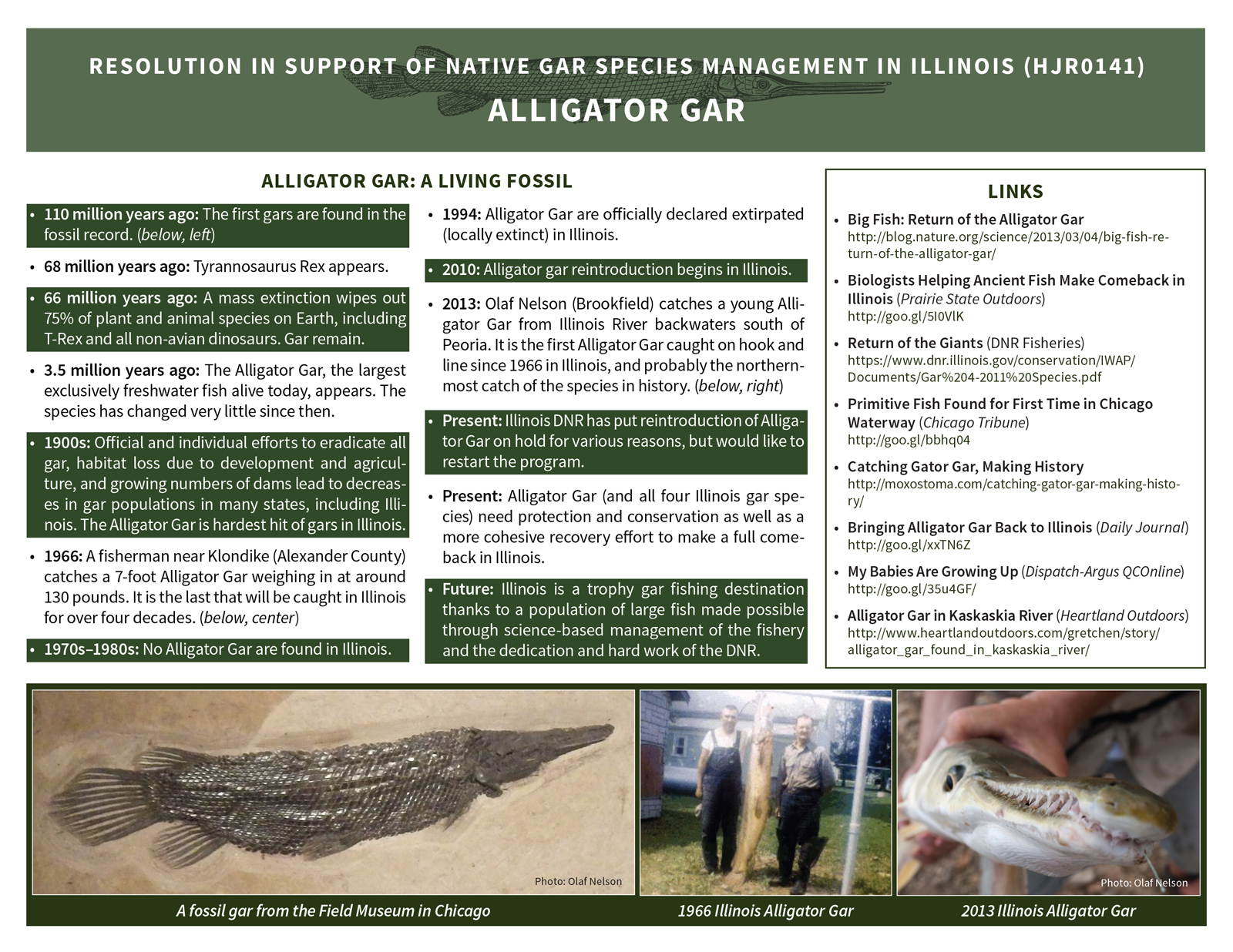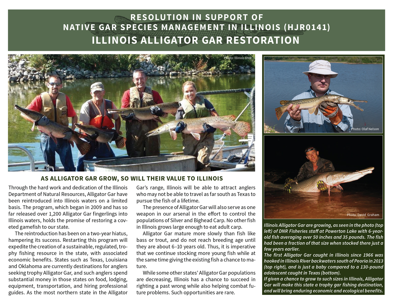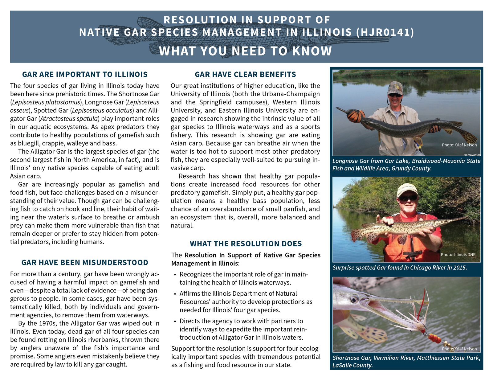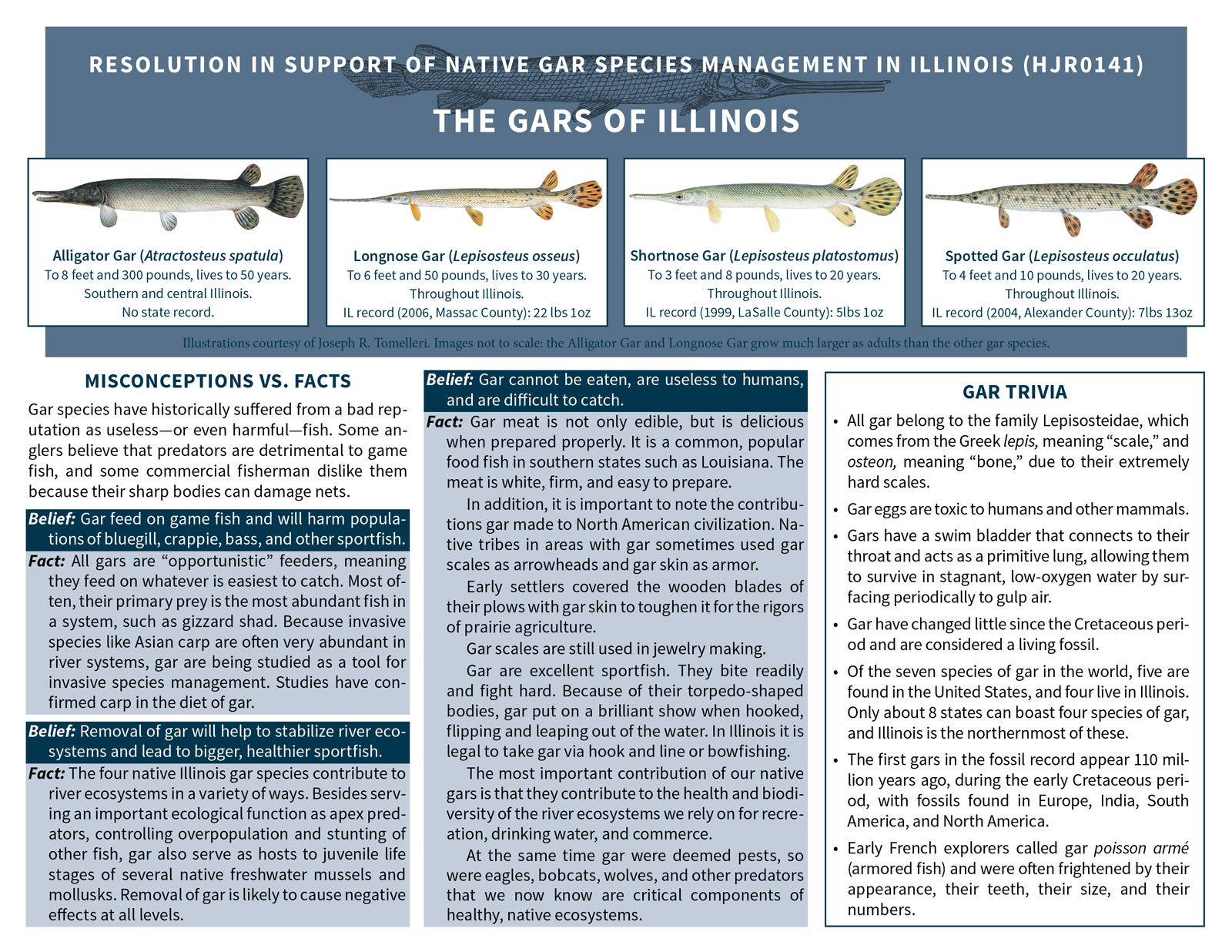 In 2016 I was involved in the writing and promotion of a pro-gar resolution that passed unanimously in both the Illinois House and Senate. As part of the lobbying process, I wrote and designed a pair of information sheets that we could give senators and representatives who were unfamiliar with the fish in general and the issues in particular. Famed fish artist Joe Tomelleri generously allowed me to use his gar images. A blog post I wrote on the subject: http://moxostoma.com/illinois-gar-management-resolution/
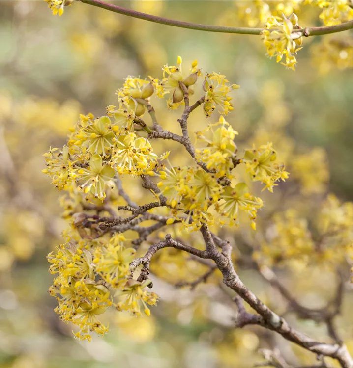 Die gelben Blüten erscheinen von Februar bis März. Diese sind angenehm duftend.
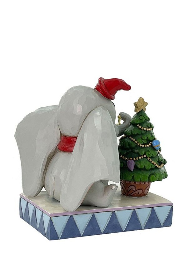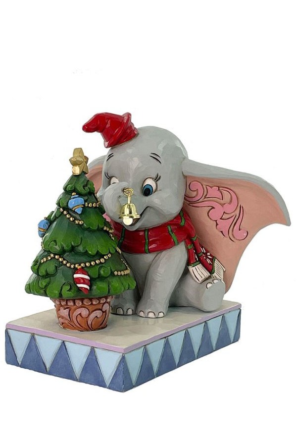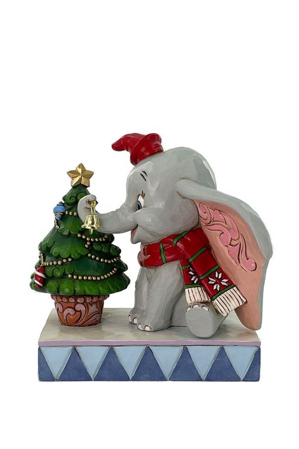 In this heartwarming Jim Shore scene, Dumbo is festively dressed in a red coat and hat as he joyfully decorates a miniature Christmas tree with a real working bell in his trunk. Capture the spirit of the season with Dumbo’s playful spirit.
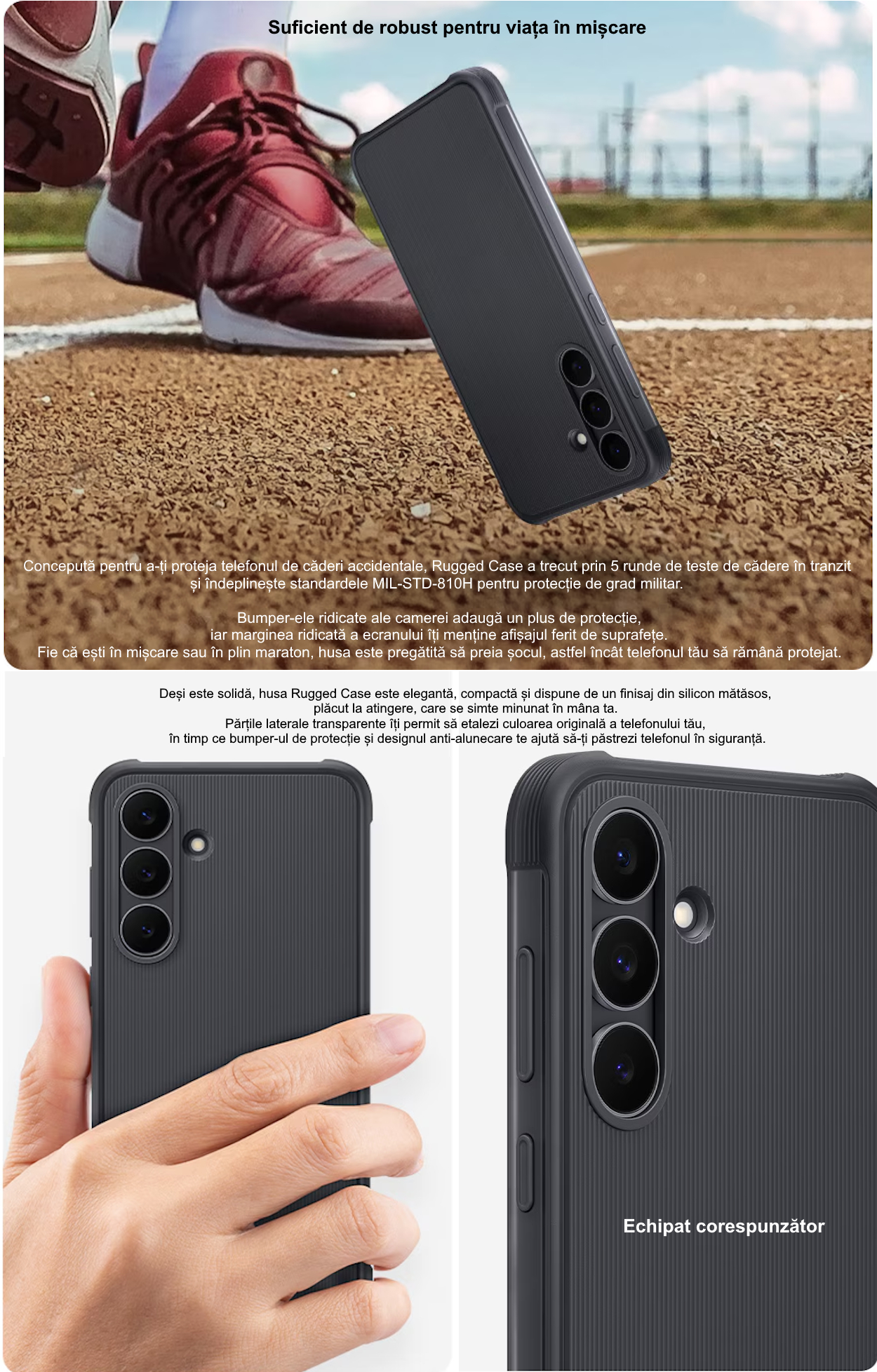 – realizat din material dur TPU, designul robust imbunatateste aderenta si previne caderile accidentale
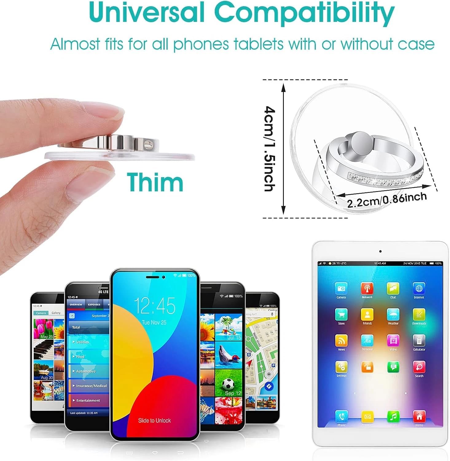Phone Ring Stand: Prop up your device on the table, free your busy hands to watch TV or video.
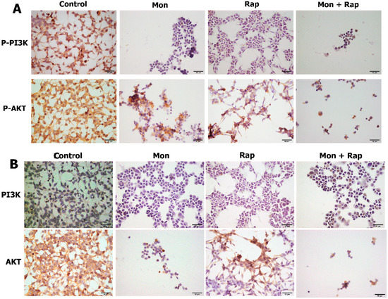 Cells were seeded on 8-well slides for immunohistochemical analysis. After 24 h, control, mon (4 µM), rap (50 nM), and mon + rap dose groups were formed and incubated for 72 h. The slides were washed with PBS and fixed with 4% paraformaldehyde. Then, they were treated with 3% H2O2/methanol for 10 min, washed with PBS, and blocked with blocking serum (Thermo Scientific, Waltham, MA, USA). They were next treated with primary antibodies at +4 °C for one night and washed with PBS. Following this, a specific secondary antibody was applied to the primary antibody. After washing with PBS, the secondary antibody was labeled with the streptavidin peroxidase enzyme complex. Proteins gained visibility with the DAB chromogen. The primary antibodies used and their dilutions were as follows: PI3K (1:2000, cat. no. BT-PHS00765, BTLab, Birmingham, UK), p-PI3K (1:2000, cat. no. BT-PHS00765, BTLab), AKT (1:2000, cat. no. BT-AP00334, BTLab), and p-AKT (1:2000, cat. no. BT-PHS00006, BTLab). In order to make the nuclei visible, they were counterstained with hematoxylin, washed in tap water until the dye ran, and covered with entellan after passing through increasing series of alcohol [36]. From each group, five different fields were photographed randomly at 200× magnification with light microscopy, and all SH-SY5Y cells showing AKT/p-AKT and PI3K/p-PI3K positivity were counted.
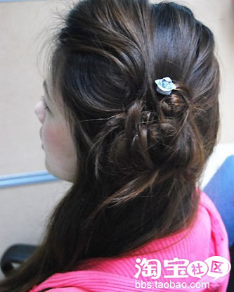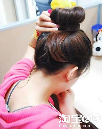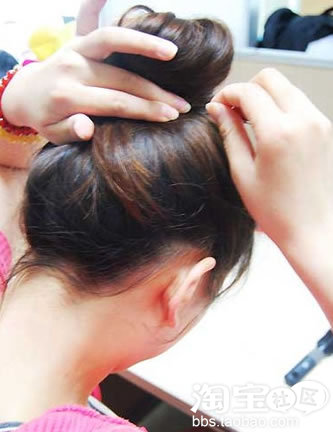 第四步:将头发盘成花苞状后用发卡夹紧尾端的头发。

|---|

DIRECTIONS FOR THIS TASK: Begin at the line in the entries above that has "Die gelben Blüten", stop after the line that has "Phone Ring Stand: Prop", and output exactly those lines without pictures.

TASK ANSWER:
 Die gelben Blüten erscheinen von Februar bis März. Diese sind angenehm duftend.
 In this heartwarming Jim Shore scene, Dumbo is festively dressed in a red coat and hat as he joyfully decorates a miniature Christmas tree with a real working bell in his trunk. Capture the spirit of the season with Dumbo’s playful spirit.
 – realizat din material dur TPU, designul robust imbunatateste aderenta si previne caderile accidentale
Phone Ring Stand: Prop up your device on the table, free your busy hands to watch TV or video.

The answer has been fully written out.